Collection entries
====
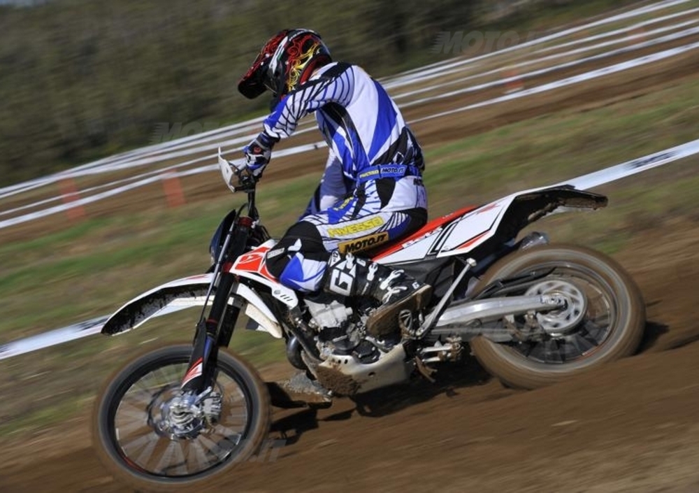 Le nuove quote infatti, trasmettono al pilota una sensazione di grande sicurezza e controllo, specialmente nelle situazioni limite, questo grazie anche all’aumento della rigidità strutturale, alla sua reattività ed alla leggerezza, diventata veramente apprezzabile negli ingressi in curva e nei cambi di direzione improvvisi. L’importante utilizzo del cromo-molibdeno per la struttura principale è stato ampliamente compensato dall’adozione di un telaietto posteriore in materiale plastico strutturale (poliammide caricata). Il nuovo telaietto nasconde inoltre diverse chicche interessanti, tra le quali, le maniglie ergonomiche in fondo alla sella utilissime per l’appiglio in mulattiera; uno scomparto (sotto alla tabella porta numero destra) dedicato al posizionamento di una mini-cassetta degli attrezzi e un innovativo quanto funzionale nuovo sistema di sgancio della sella, grazie al quale, con un semplice tasto, è possibile liberare la sella ed intervenire sulla cassa filtro, posizionata lateralmente, senza la necessità di alcun attrezzo.
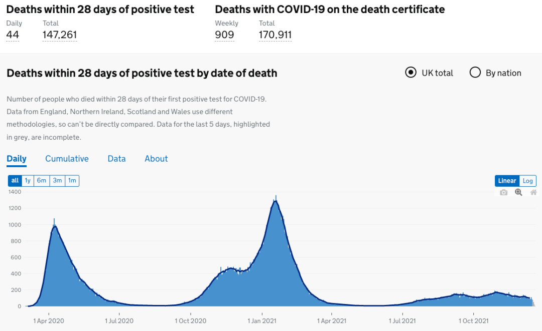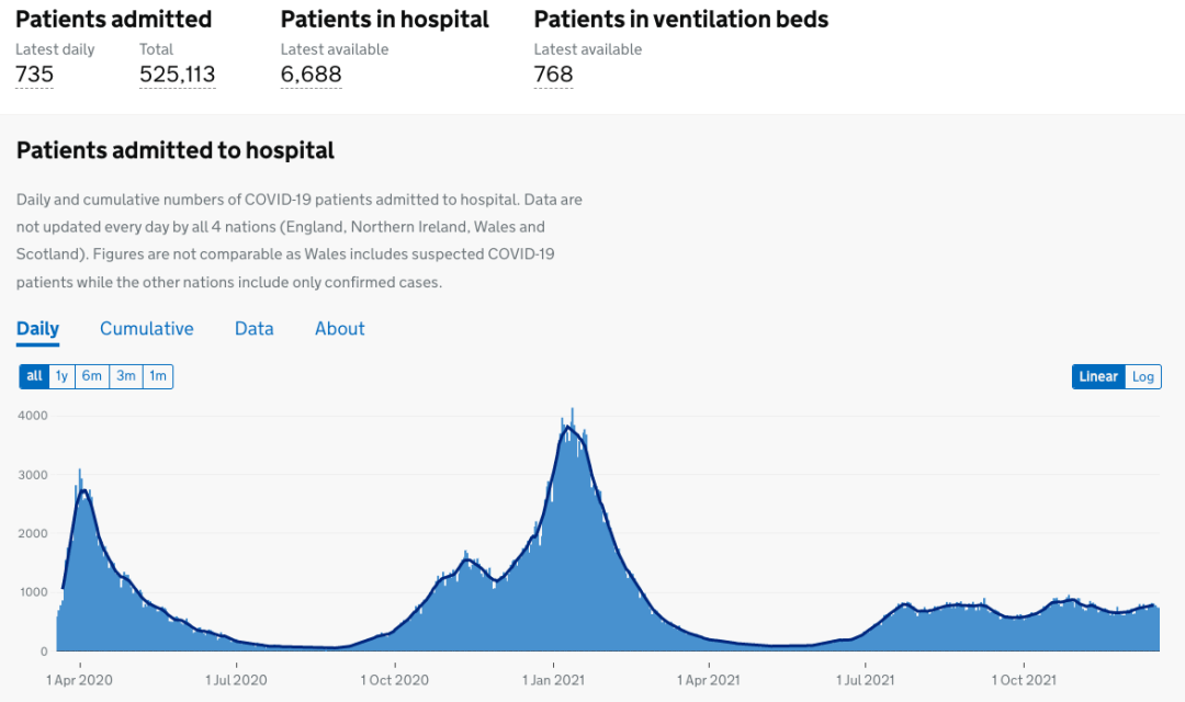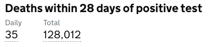目前英格兰地区使用呼吸机的新冠患者有768人(-21);病亡新冠患者总计128,012人(+35)。
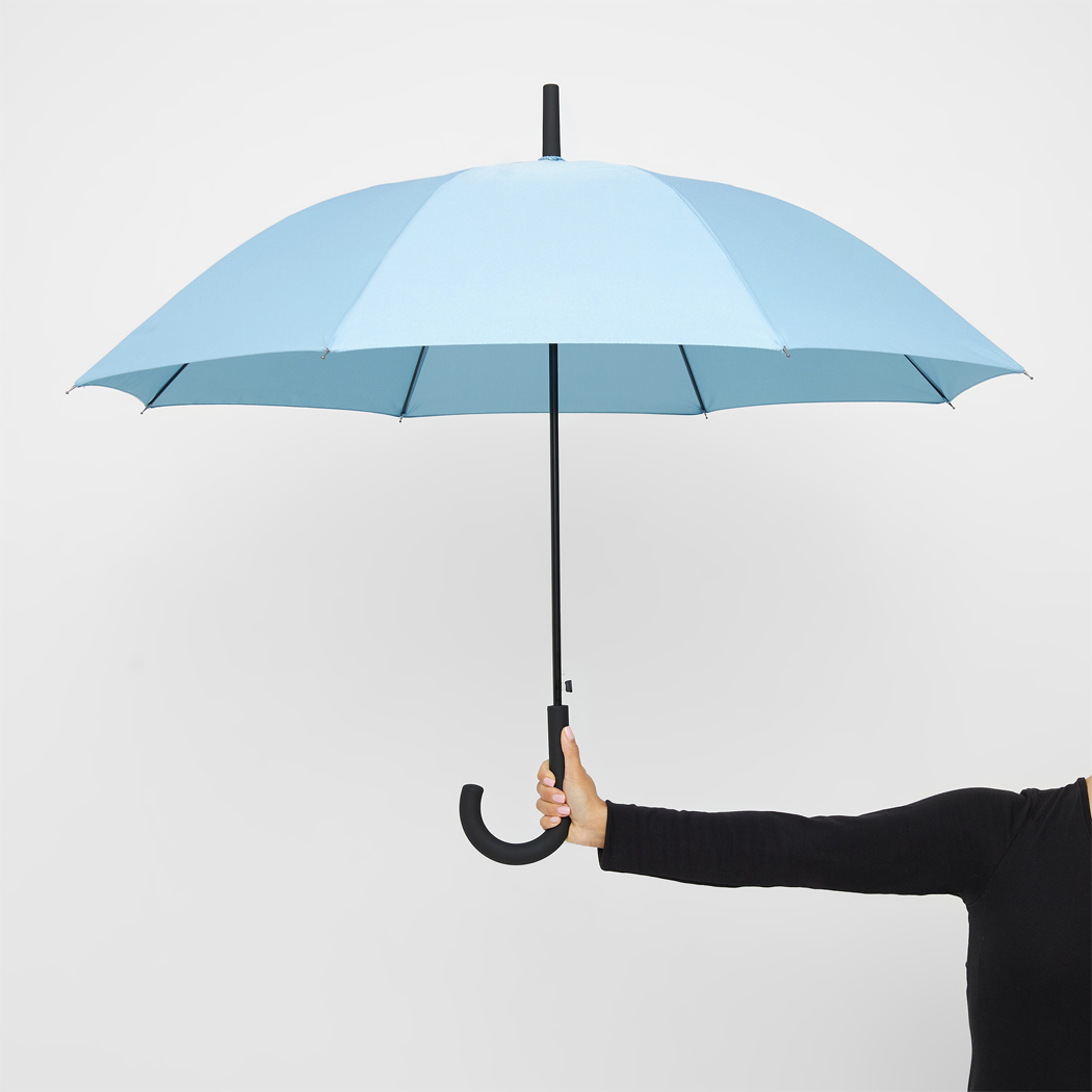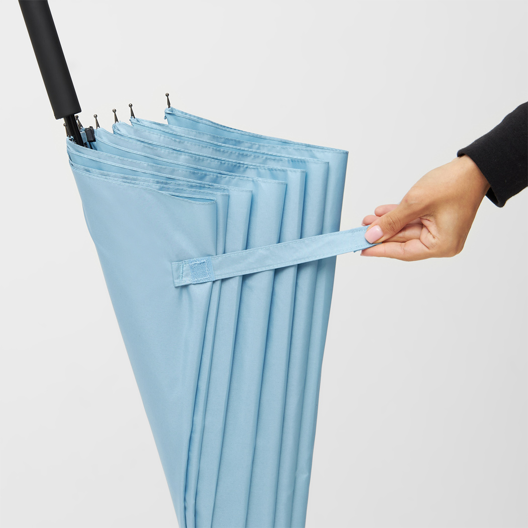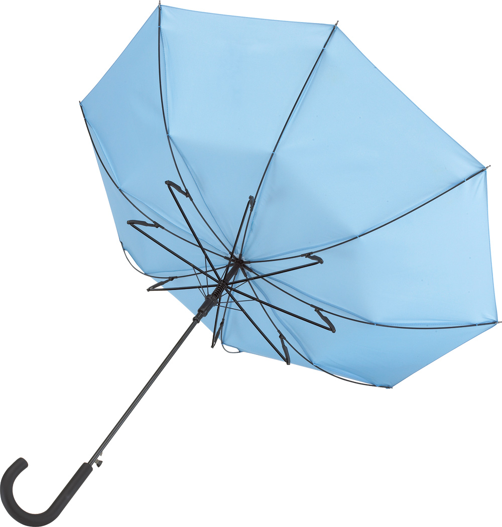 Automatischer Windproof-Stockschirm WIND: Metallstock, Fiberglasspeichen und Metalltips, gummierter Rundhakengriff, Polyester-Pongee-Bespannung, Schließband mit Klettverschluss
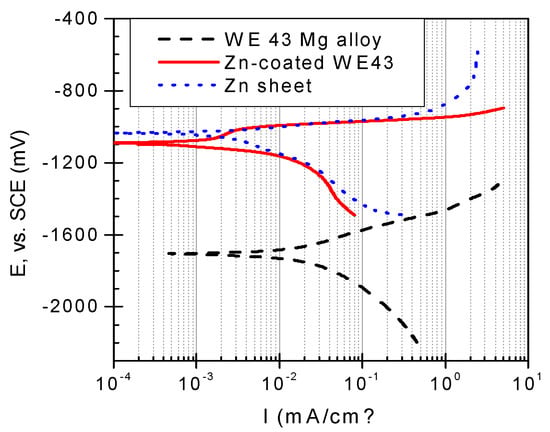 Potentiodynamic polarization diagrams of WE43-T6 Mg alloy substrate, Zn-coated WE43-T6 Mg alloy, and Zn sheet in 0.1 M NaCl solution.
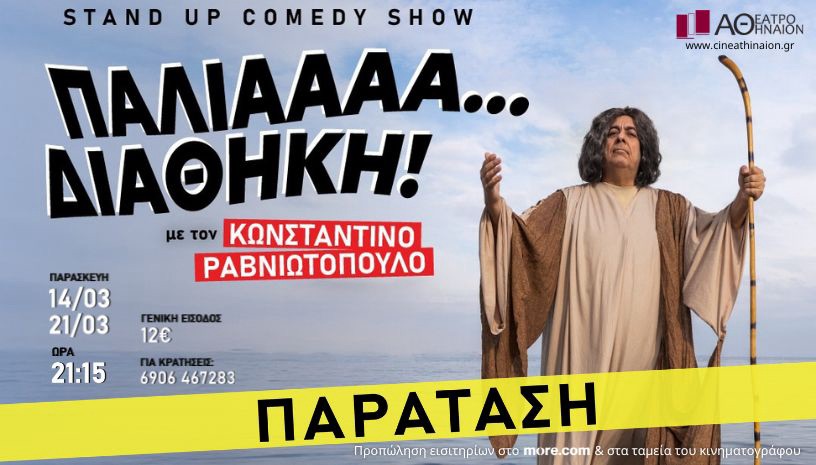 Η νέα stand up comedy παράσταση του Κωνσταντίνου Ραβνιωτόπουλου, το 6ο του πλέον solo special είναι εμπνευσμένο φυσικά από την Παλαιά Διαθήκη… Συνεχίστε την ανάγνωση Δωρεάν διπλές προσκλήσεις για την stand up comedy «Παλιάααα… Διαθήκη»
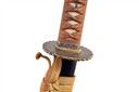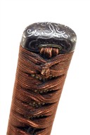 believed late 17th century, with 26 1/2in. blade in a good state of polish (one small inclusion near guard on left side), prominent hamon, moulded copper habaki, round iron tsuba with stylised radial 'petals' and inlaid in gold scrolls, square tipped tang with two mekugi-ana and signature, brown cotton-bound ray-skin grip, en-suite furniture and in a black lacquered wooden scabbard with further cotton bindings and a plain shira-saya storage scabbard
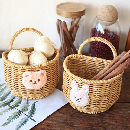 姜蒜收纳筐手提仿藤手工编织厨房生姜蒜头大葱鸡蛋水果壁挂储物盒
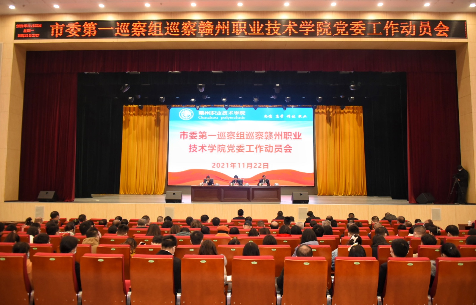 市委第一巡察组其他成员,德赢Vwin官方区域合作伙伴党委(含赣州农校、江西赣州技师学院)领导班子成员、三校干部职工、近三年退休的县处级干部或其他班子成员、离退休党支部书记等老同志代表和学生代表三百余人参加了会议。
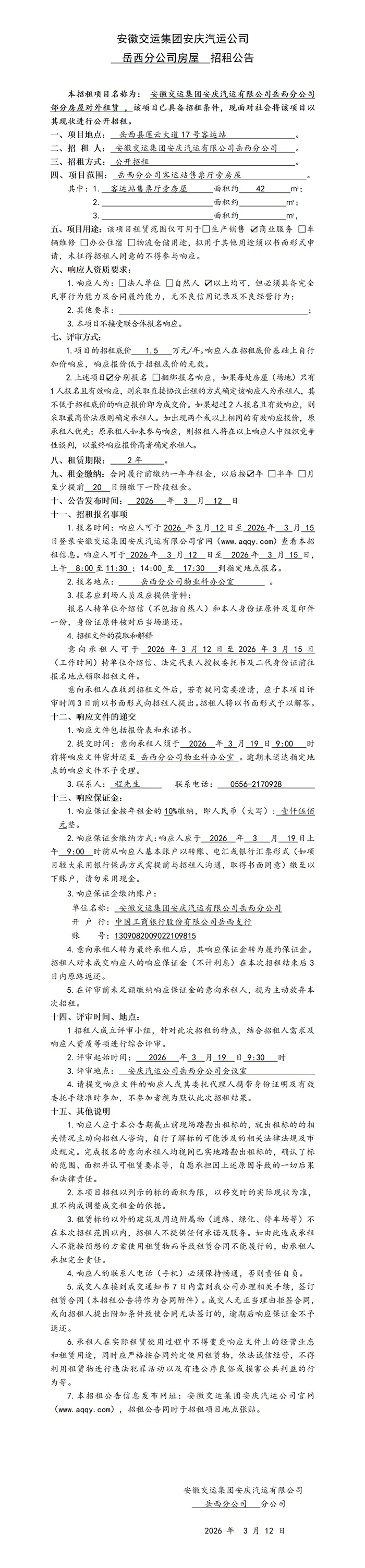 岳西分公司部分房屋對外租賃公告
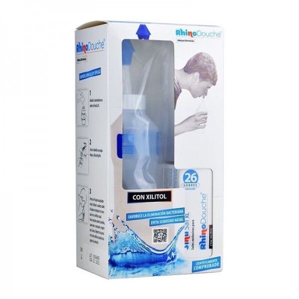 RhinoDouche Irrigação Nasal Garrafa + Sal XL Sais de irrigação com xilitol 26 Saqueta(s) 5 g
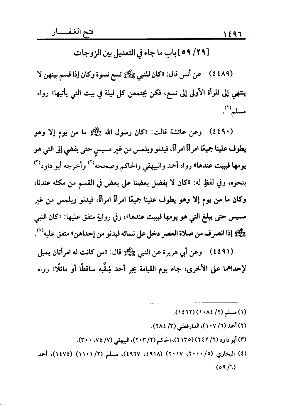 4490 - عن أنس قال: «كان للنبي - صلى الله عليه وسلم - تسع نسوة وكان إذا قسم بينهن لا ينتهي إلى المرأة الأولى إلى تسع فكن يجتمعن كل ليلة في بيت التي يأتيها» رواه مسلم (¬1) .
====
What is needed here is an exact transcript of the data above, pictures excluded.

 Le nuove quote infatti, trasmettono al pilota una sensazione di grande sicurezza e controllo, specialmente nelle situazioni limite, questo grazie anche all’aumento della rigidità strutturale, alla sua reattività ed alla leggerezza, diventata veramente apprezzabile negli ingressi in curva e nei cambi di direzione improvvisi. L’importante utilizzo del cromo-molibdeno per la struttura principale è stato ampliamente compensato dall’adozione di un telaietto posteriore in materiale plastico strutturale (poliammide caricata). Il nuovo telaietto nasconde inoltre diverse chicche interessanti, tra le quali, le maniglie ergonomiche in fondo alla sella utilissime per l’appiglio in mulattiera; uno scomparto (sotto alla tabella porta numero destra) dedicato al posizionamento di una mini-cassetta degli attrezzi e un innovativo quanto funzionale nuovo sistema di sgancio della sella, grazie al quale, con un semplice tasto, è possibile liberare la sella ed intervenire sulla cassa filtro, posizionata lateralmente, senza la necessità di alcun attrezzo.
目前英格兰地区使用呼吸机的新冠患者有768人(-21);病亡新冠患者总计128,012人(+35)。
 Automatischer Windproof-Stockschirm WIND: Metallstock, Fiberglasspeichen und Metalltips, gummierter Rundhakengriff, Polyester-Pongee-Bespannung, Schließband mit Klettverschluss
 Potentiodynamic polarization diagrams of WE43-T6 Mg alloy substrate, Zn-coated WE43-T6 Mg alloy, and Zn sheet in 0.1 M NaCl solution.
 Η νέα stand up comedy παράσταση του Κωνσταντίνου Ραβνιωτόπουλου, το 6ο του πλέον solo special είναι εμπνευσμένο φυσικά από την Παλαιά Διαθήκη… Συνεχίστε την ανάγνωση Δωρεάν διπλές προσκλήσεις για την stand up comedy «Παλιάααα… Διαθήκη»
 believed late 17th century, with 26 1/2in. blade in a good state of polish (one small inclusion near guard on left side), prominent hamon, moulded copper habaki, round iron tsuba with stylised radial 'petals' and inlaid in gold scrolls, square tipped tang with two mekugi-ana and signature, brown cotton-bound ray-skin grip, en-suite furniture and in a black lacquered wooden scabbard with further cotton bindings and a plain shira-saya storage scabbard
 姜蒜收纳筐手提仿藤手工编织厨房生姜蒜头大葱鸡蛋水果壁挂储物盒
 市委第一巡察组其他成员,德赢Vwin官方区域合作伙伴党委(含赣州农校、江西赣州技师学院)领导班子成员、三校干部职工、近三年退休的县处级干部或其他班子成员、离退休党支部书记等老同志代表和学生代表三百余人参加了会议。
 岳西分公司部分房屋對外租賃公告
 RhinoDouche Irrigação Nasal Garrafa + Sal XL Sais de irrigação com xilitol 26 Saqueta(s) 5 g
 4490 - عن أنس قال: «كان للنبي - صلى الله عليه وسلم - تسع نسوة وكان إذا قسم بينهن لا ينتهي إلى المرأة الأولى إلى تسع فكن يجتمعن كل ليلة في بيت التي يأتيها» رواه مسلم (¬1) .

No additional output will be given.